** Your assignment **
From the first line to the last, restate the data exactly, leaving out the images.

** Recorded data **
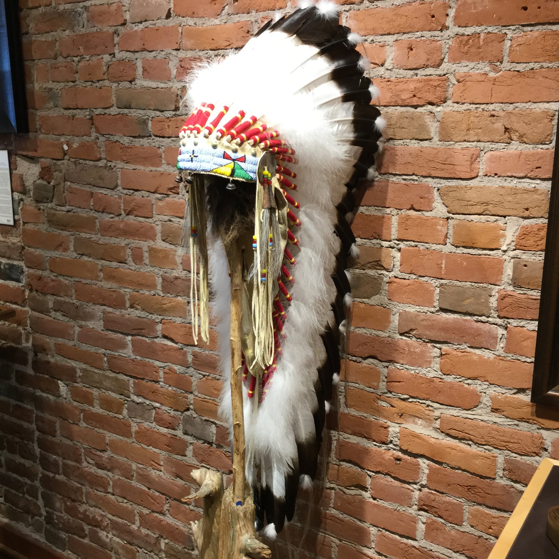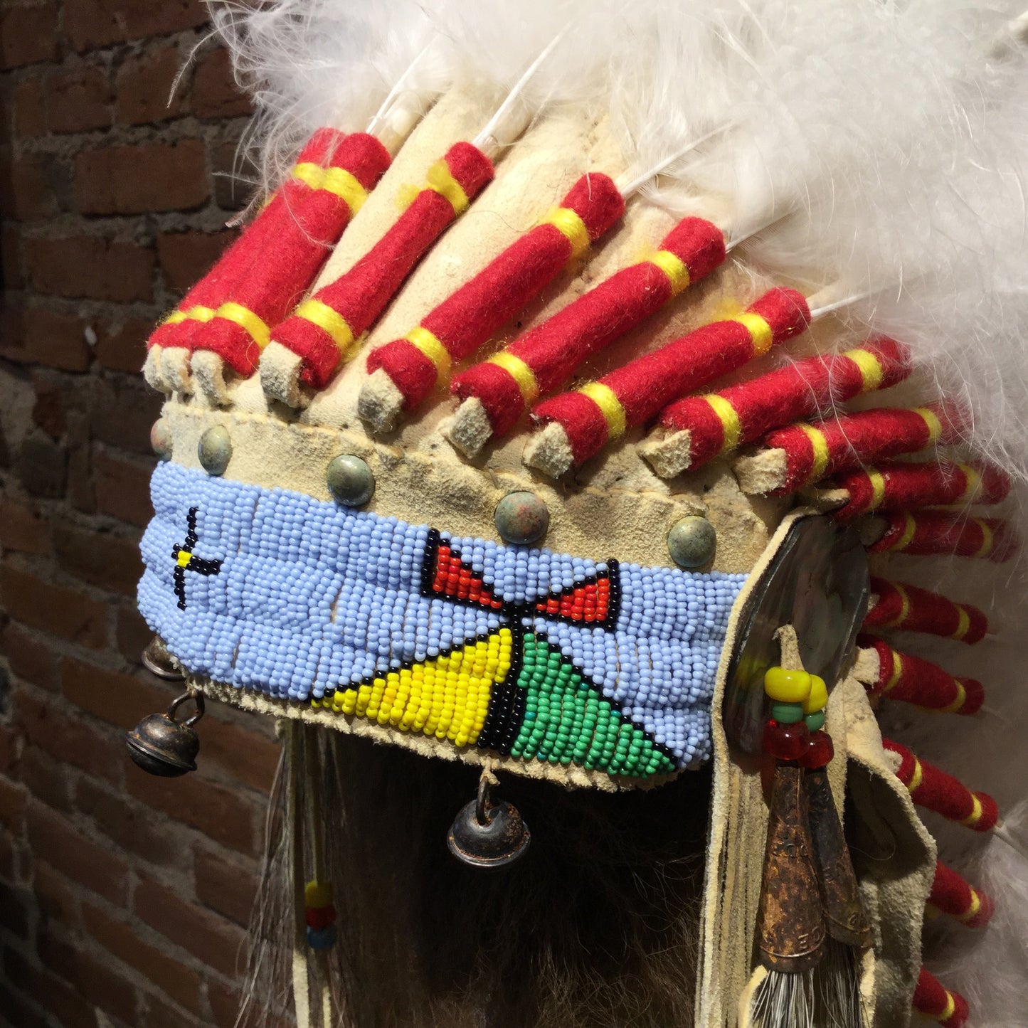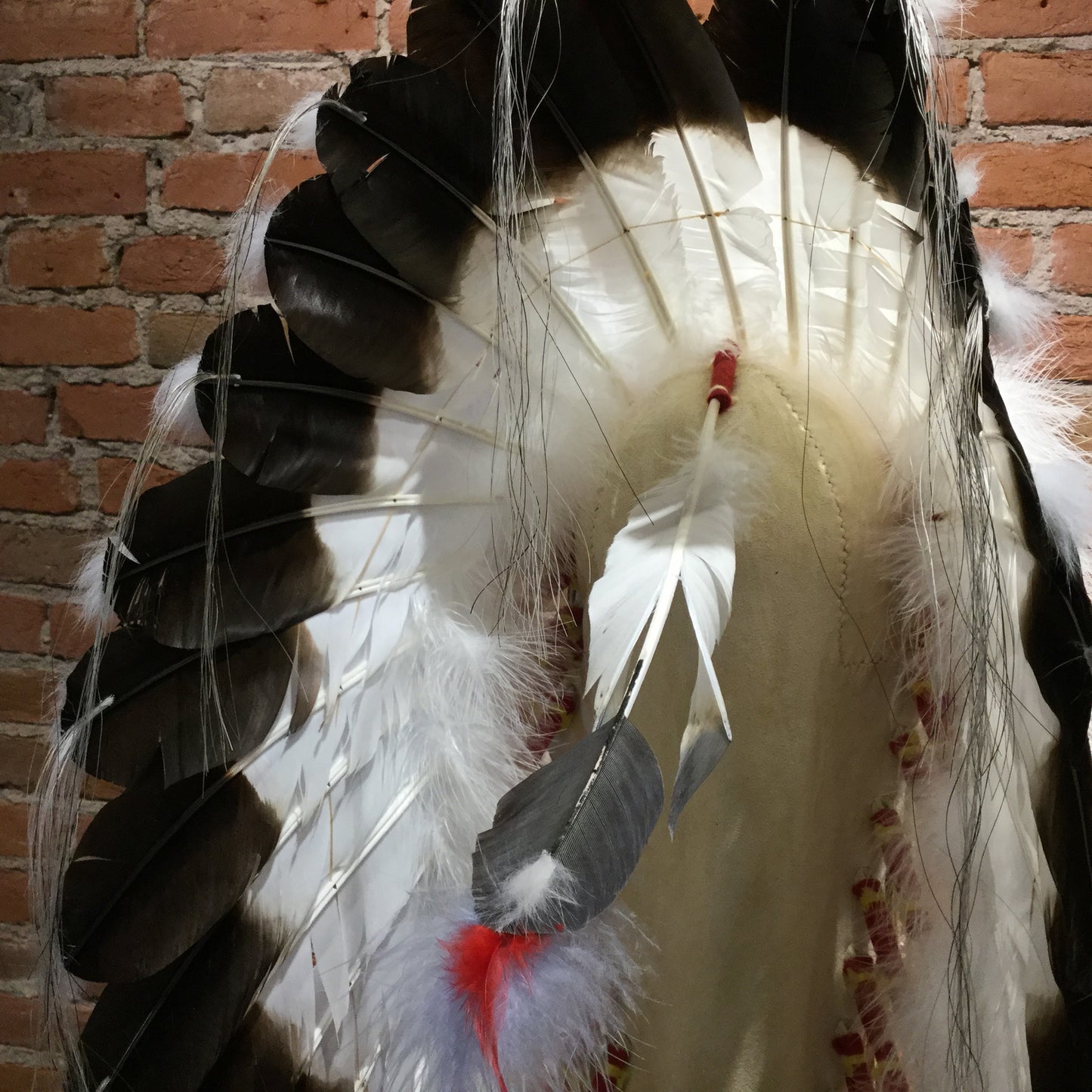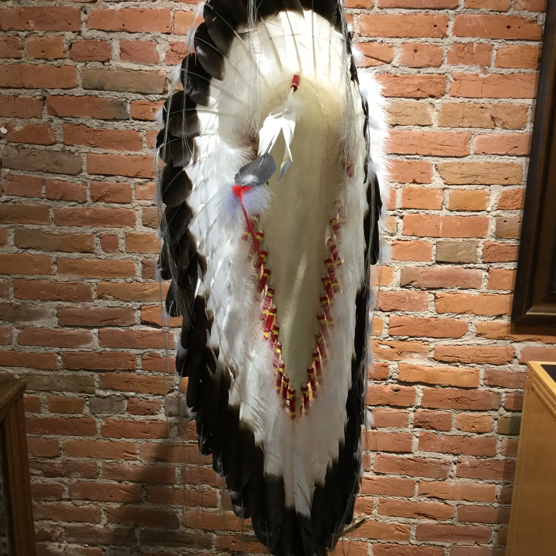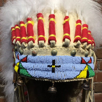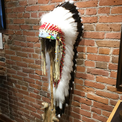 This Victory Headdress is of a plains-style construction. Measuring in at 40" x 12"W x 18"D, this piece is stunning in both size and craftsmanship. Each feather is carefully painted to represent young Eagle Feathers, and each bead is painstakingly stitched into a durable leather base to provide a lifetime of displayed beauty. The style of this Victory Headdress is unique and eye catching. Victory Headdress is Available Without or With Wall Mount Stand.
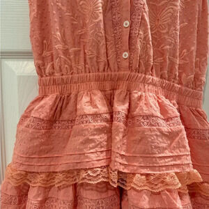 Marlo Girl’s Peach Ruffle and Lace Tiered Dress
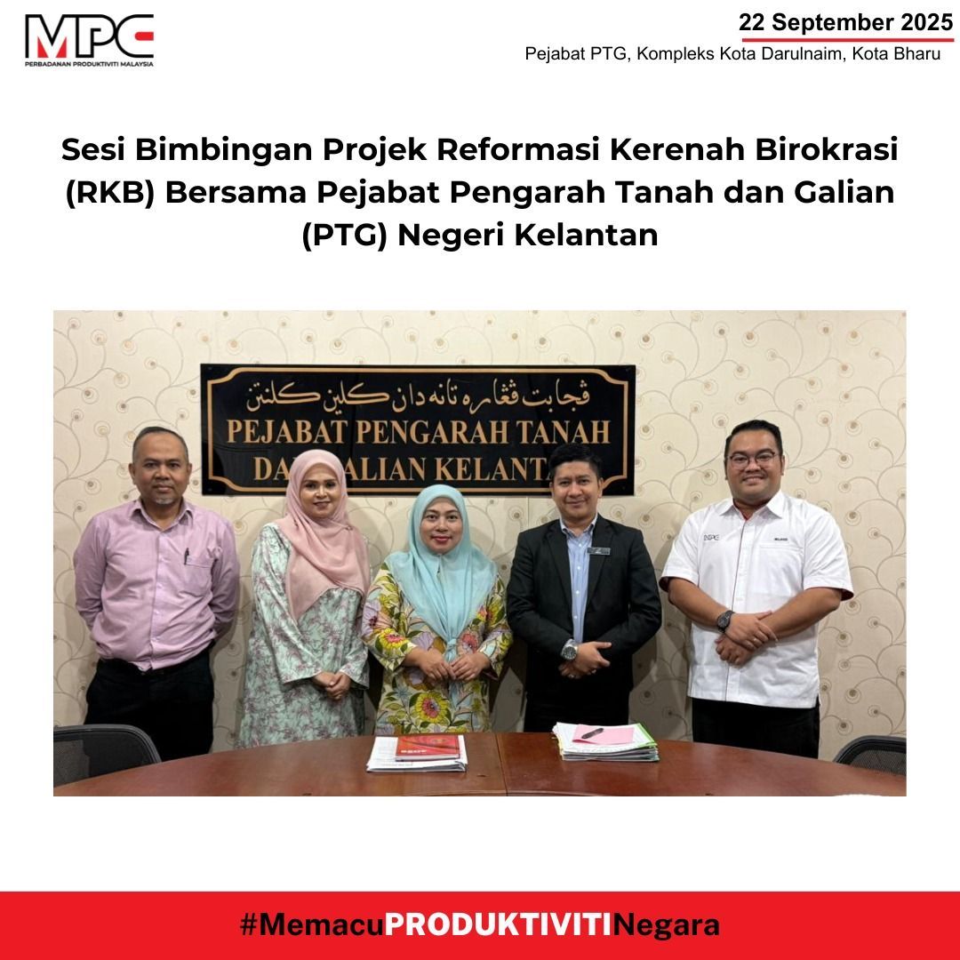 Sesi bimbingan projek Reformasi Kerenah Birokrasi (RKB) bersama Pejabat Pengarah Tanah dan Galian (PTG) Negeri Kelantan telah diadakan bagi menilai kemajuan serta keberkesanan pelaksanaan projek. Perbincangan memberi tumpuan kepada analisis proses untuk mengenalpasti prestasi semasa bagi dua projek utama iaitu: 1. Mengurangkan Kos Pematuhan Proses Pindahmilik Tanah Bagi Individu Bukan Melayu & Individu Bukan Kelahiran Negeri Kelantan. 2. Mempercepat Proses Pindahmilik Tanah Antara Keluarga Terdekat Bagi Individu Bukan Melayu & Individu Bukan Kelahiran Negeri Kelantan. Pada sesi kali ini, analisis dibuat melalui pemetaan proses untuk mengenalpasti prestasi semasa bagi setiap projek. Sesi susulan akan menekankan kepada pengenalpastian isu dan permasalahan yang dihadapi, serta perbincangan mengenai cadangan penyelesaian yang lebih berkesan. Proses bimbingan dan perbincangan ini turut disokong dengan penggunaan teknologi Kecerdasan Buatan (AI) bagi membantu dalam menganalisa data, menjana idea, penyediaan dokumen, dan pembangunan borang yang relevan. Pendekatan ini dijangka dapat mempercepat proses reformasi serta meningkatkan kualiti hasil kerja. Secara keseluruhannya, Reformasi Kerenah Birokrasi (RKB) merupakan inisiatif untuk meningkatkan kecekapan, ketelusan, dan keberkesanan pentadbiran melalui semakan semula peraturan sedia ada. Usaha ini diharap dapat memperkukuh mutu perkhidmatan awam, sekaligus melonjakkan produktiviti dan kesejahteraan rakyat.
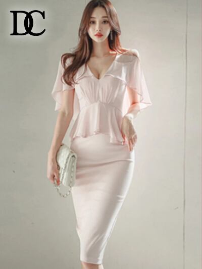 《プチプラ》フリル付きVネックペンシルドレス/キャバドレス

** Solution to this exercise **
 This Victory Headdress is of a plains-style construction. Measuring in at 40" x 12"W x 18"D, this piece is stunning in both size and craftsmanship. Each feather is carefully painted to represent young Eagle Feathers, and each bead is painstakingly stitched into a durable leather base to provide a lifetime of displayed beauty. The style of this Victory Headdress is unique and eye catching. Victory Headdress is Available Without or With Wall Mount Stand.
 Marlo Girl’s Peach Ruffle and Lace Tiered Dress
 Sesi bimbingan projek Reformasi Kerenah Birokrasi (RKB) bersama Pejabat Pengarah Tanah dan Galian (PTG) Negeri Kelantan telah diadakan bagi menilai kemajuan serta keberkesanan pelaksanaan projek. Perbincangan memberi tumpuan kepada analisis proses untuk mengenalpasti prestasi semasa bagi dua projek utama iaitu: 1. Mengurangkan Kos Pematuhan Proses Pindahmilik Tanah Bagi Individu Bukan Melayu & Individu Bukan Kelahiran Negeri Kelantan. 2. Mempercepat Proses Pindahmilik Tanah Antara Keluarga Terdekat Bagi Individu Bukan Melayu & Individu Bukan Kelahiran Negeri Kelantan. Pada sesi kali ini, analisis dibuat melalui pemetaan proses untuk mengenalpasti prestasi semasa bagi setiap projek. Sesi susulan akan menekankan kepada pengenalpastian isu dan permasalahan yang dihadapi, serta perbincangan mengenai cadangan penyelesaian yang lebih berkesan. Proses bimbingan dan perbincangan ini turut disokong dengan penggunaan teknologi Kecerdasan Buatan (AI) bagi membantu dalam menganalisa data, menjana idea, penyediaan dokumen, dan pembangunan borang yang relevan. Pendekatan ini dijangka dapat mempercepat proses reformasi serta meningkatkan kualiti hasil kerja. Secara keseluruhannya, Reformasi Kerenah Birokrasi (RKB) merupakan inisiatif untuk meningkatkan kecekapan, ketelusan, dan keberkesanan pentadbiran melalui semakan semula peraturan sedia ada. Usaha ini diharap dapat memperkukuh mutu perkhidmatan awam, sekaligus melonjakkan produktiviti dan kesejahteraan rakyat.
 《プチプラ》フリル付きVネックペンシルドレス/キャバドレス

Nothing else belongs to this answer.